Preparation of specimen with cylindrical geometry by focused ion beam milling. (A) A scanning electron microscope image of a precursor to the final cylindrical specimen (B) that was obtained by focused ion beam milling from a slab of resin containing chemically fixed yeast cells. The outline of an individual yeast cell is visible within the specimen as an oval area of high contrast.
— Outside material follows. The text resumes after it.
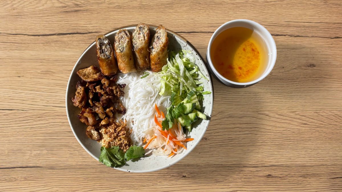 Těstoviny (bún), grilované maso (chả), smažené jarní závitky (nem), podávané s čerstvou zeleninou a domácí omáčkou.

A platinum layer is present on the top of the precursor that is mounted to a copper support grid visible at the bottom. (B) The final needle-like specimen is seen. (C) A transmission electron microscope image of the specimen shown in (B); at the top of the needle, the remaining layer of platinum is visible; within the needle, lighter areas represent the resin matrix while dark, oval areas originate from yeast cells embedded in the matrix. The copper support is visible at the bottom. Inset (C), a projection image of a subvolume from a single yeast cell is shown at higher magnification. Scanning electron microscope images were collected using a Nova 600 NanoLab microscope operating at 5 kV and transmission electron microscope images were collected using a Sphera G2 microscope operating at 200 kV. Scale bars: (A–C), 2 μm, insets, 0.5 μm.